そういう意味では支援者だけでなく、講師を引き受ける人やその主催者にもこの本を手にとって欲しいと思います。
子育て支援の忘れてはならない基本について
★★★★★
「母性の研究」以来、母性愛神話や育児ストレスからの解放に尽力し続けた筆者は、遂に「あい・ぽーと」という育児支援の現場を得た。
少子化問題の議論は盛んだが、自分の観念や、無味乾燥な統計や理論から少子化対策を語る者がもっぱらで、実際の育児の現場からの声が議論の場に届くことは稀だ。最近では育児支援の現場からすら、子育て支援や保育等の少子化対策を疑問視する声も出てきている。
これは、観念や主義ではなく、実際に即した形での子育て支援の実践記録である。筆者は長年、育児に苦しむ母親たちに接して研究を続けてきた。その経験を生かし、「あい・ぽーと」では、実際に育児をしている親たちの側に等身大で寄り添い、親の成長を支援してきた。

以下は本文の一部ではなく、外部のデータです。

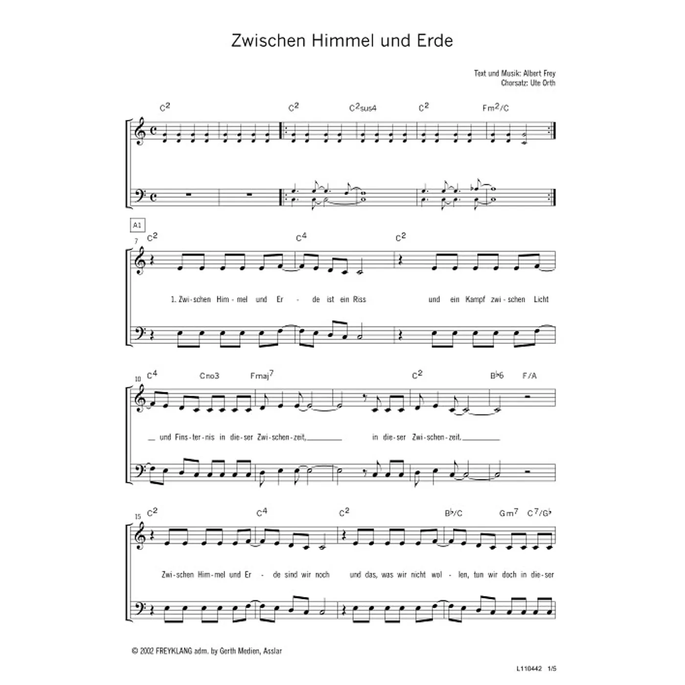 (modern, gemischter Chor, mit Akkorden, vierstimmig, C-Dur) Albert Frey (Komposition, Text), Ute Orth (Chorsatz)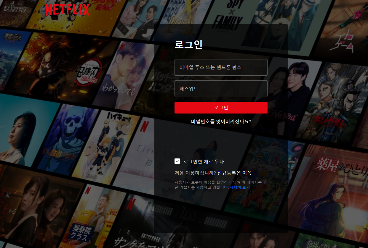 평상시처럼 넷플릭스 홈페이지에 접속해 보자

著者自ら何度か、自分の観念を親に押し付けかけるが、親や「あい・ぽーと」のスタッフと丁寧に向かい合うことで克服していく。
大所高所から親を見下すことがなく、育児や親の成長を支援してくれる方を増やすためにも、少子化に関する議論を観念の押し付けに終始させて実効力を失わせないためにも、育児支援に関わる方へ本書をお勧めしたい。